Кабинетъ былъ устроенъ очень уютно. Вдоль одной стѣны раскинулся широкій турецкій диванъ ярко-краснаго цвѣта съ разводами, стѣны были обиты персидской матеріей и увѣшаны трофеями. Надъ каминомъ портретъ молодой женщины съ распущенными волосами; большой письменный столъ, съ придѣланной къ нему этажеркой для книги. Множество гравюръ и мюнстеровская галлерея вдоль всей стѣны, по два портрета въ рядъ.
Баринъ встрѣтилъ Телепнева въ бархатномъ архалучкѣ и малиновой фескѣ.
— Enchanté. Благодарю, что не забыли моего приглашенія. Зачѣмъ вы вчера такъ рано уѣхали, а мы еще много бамбошировали. Садитесь, хотите сигару?

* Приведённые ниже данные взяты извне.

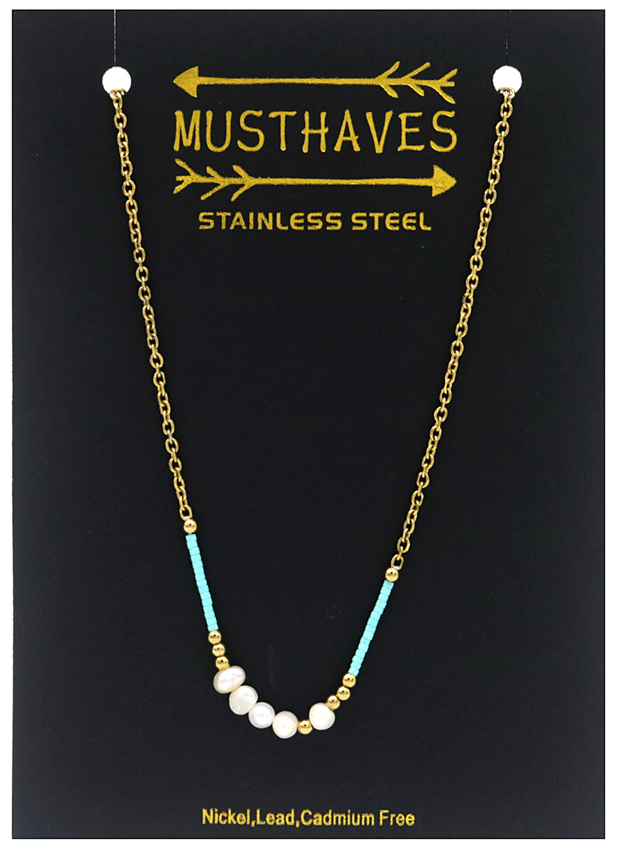 I-A10.1 NA221-103G S. Steel Necklace Glassbeads Freshwater Pearls 40-45cm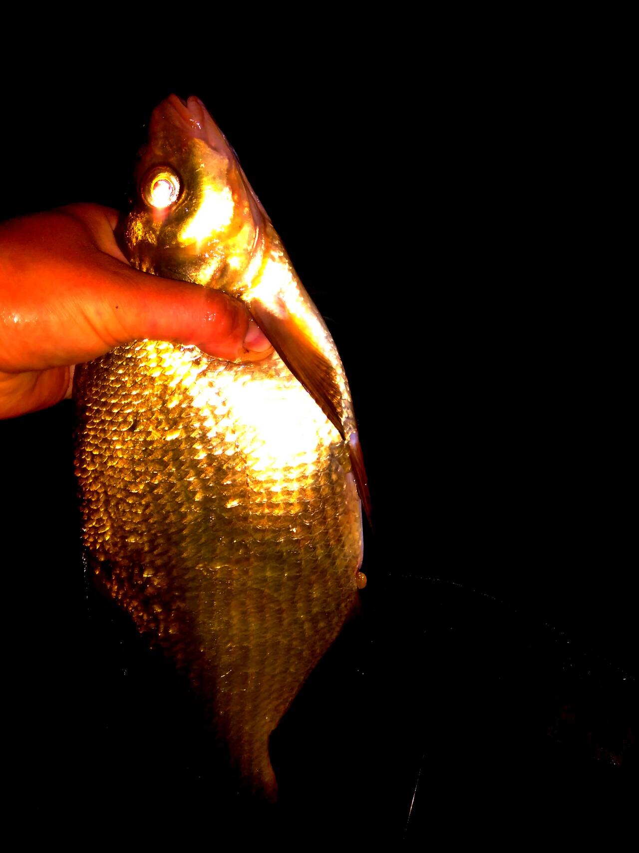 Берег крутоват, до воды около метра, неудобно подводить к подсаку. Минут 7-8 мы с ней занимались перетягиванием лески. Рыб упорно пытался зайти за дерево, но обошлось.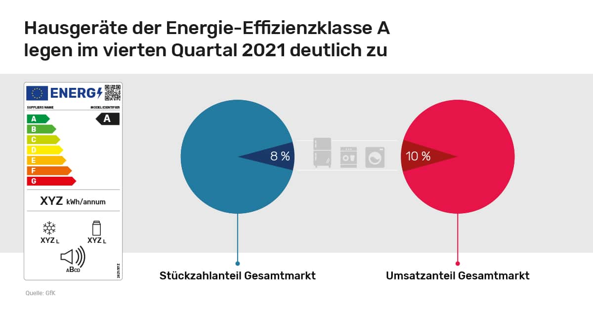 Dies zeigt sich sowohl bei der Stückzahl-, als auch beim Umsatz, welche sich im Laufe des Jahres 2021 mehr als verdoppelt haben. So waren zwischen Oktober und Dezember 2021 bereits knapp 8% der verkauften Waschmaschinen, Spülmaschinen, Kühl- und Gefriergeräte laut Energie-Effizienzlabel in der Klasse A eingestuft. Der damit erwirtschaftete Umsatzanteil lag in diesem Zeitraum bereits über 10%.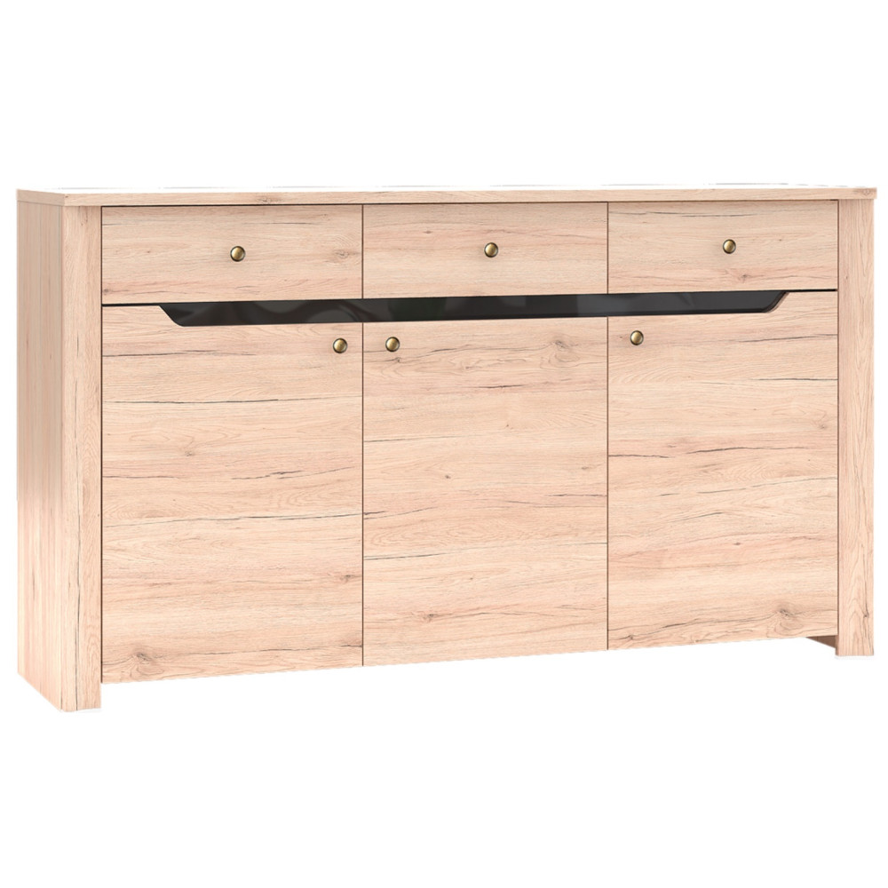 Buffet Omar en bois, avec 3 portes, 3 tiroirs et miroir.

Телепневъ усѣлся покойно на турецкій диванъ; не отказался и отъ сигары.
— Не правда ли, что здѣсь очень мило. Я, знаете, все самъ. Главный мой талантъ — это быть обойщикомъ. Только, къ сожалѣнію, негдѣ мнѣ расходиться. Я, какъ Дюма, котораго настоящее призваніе быть поваромъ.
— Будто бы? — спросилъ Телепневъ.
— Я васъ увѣряю, я съ нимъ знакомъ, онъ нѣсколько разъ говорилъ мнѣ это. Читаю теперь одну вещь. Какъ хотите, а французы все-таки… имъ принадлежитъ иниціатива. Мой постоянный коммиссіонеръ Исаковъ. Я имъ доволенъ. Вы не видали этой книжки?

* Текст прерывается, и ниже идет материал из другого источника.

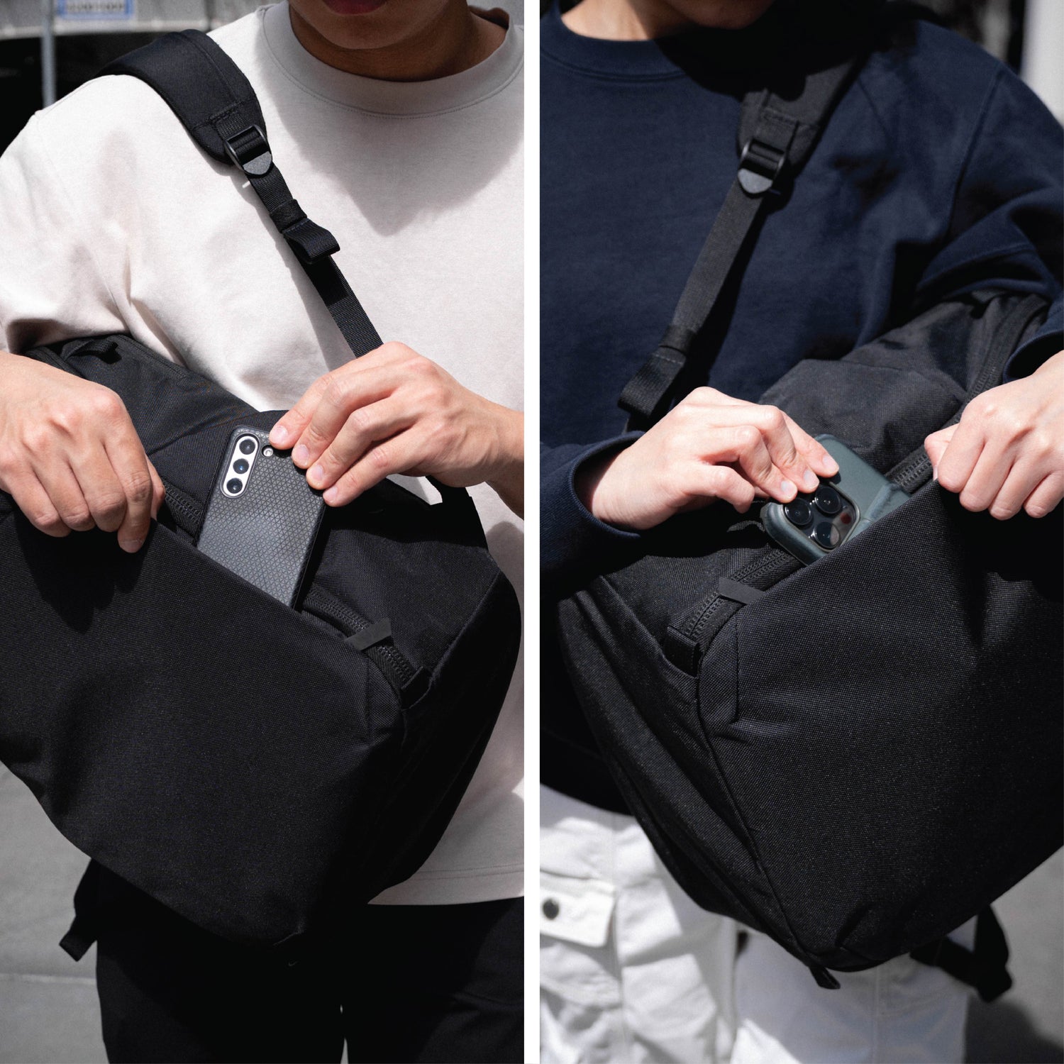 An ambidextrous side access pocket with hidden zipper tracks on the left and right to allow quick, on-body access to your essentials.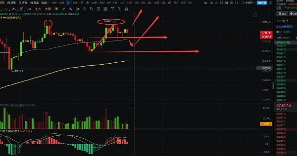 4小时线上看,大饼昨日价格居高不下,破前高后没有延续拉升,给到小幅下跌,经过一晚上震荡,大饼4小时一直在试探37600附近没有去跌破,并几次收下影线,日内该位置就能视为短线的支撑,虽然走了小回调,但多头还是强势,后市拉升往39500去还是没啥问题,只是需要一点时间,日内短线不破36709位置,多单都是安全的,日内需要关注的点位是37600短线支撑,跌破看37100附近,反弹只要开始,就不会再是虚晃一枪了,就要往39500附近去走了,自行把握进场机会;短线交易,控制风险,盈亏自理;

И онъ взялъ со стола небольшой томикъ, въ желтой бумажкѣ. Телепневъ взглянулъ на обертку и прочелъ: «Les fleurs du mal».
— Нѣтъ-съ, не знаю я этого. Вообще я не охотникъ до французской беллетристики.

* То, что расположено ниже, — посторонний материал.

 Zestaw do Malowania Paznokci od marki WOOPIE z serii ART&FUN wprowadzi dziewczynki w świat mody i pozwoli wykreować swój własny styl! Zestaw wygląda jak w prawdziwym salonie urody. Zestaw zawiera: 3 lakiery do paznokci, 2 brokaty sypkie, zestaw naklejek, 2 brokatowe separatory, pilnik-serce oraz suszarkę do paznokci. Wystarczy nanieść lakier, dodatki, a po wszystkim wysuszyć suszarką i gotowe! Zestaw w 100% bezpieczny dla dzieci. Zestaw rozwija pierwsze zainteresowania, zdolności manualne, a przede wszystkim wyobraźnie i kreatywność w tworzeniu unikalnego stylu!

— Напрасно, напрасно. Иниціатива все-таки принадлежитъ имъ. Видите ли, это начинающій — этотъ господинъ Бодлеръ. Но я вамъ скажу, какая сила! сколько яду! Такъ и пронизываетъ васъ. И стихъ, по моему, звучнѣе Ламартиневскаго. Конечно, если хотите, сумасшедшее воображеніе, но пикантно, въ высшей степени пикантно. Вотъ послушайте.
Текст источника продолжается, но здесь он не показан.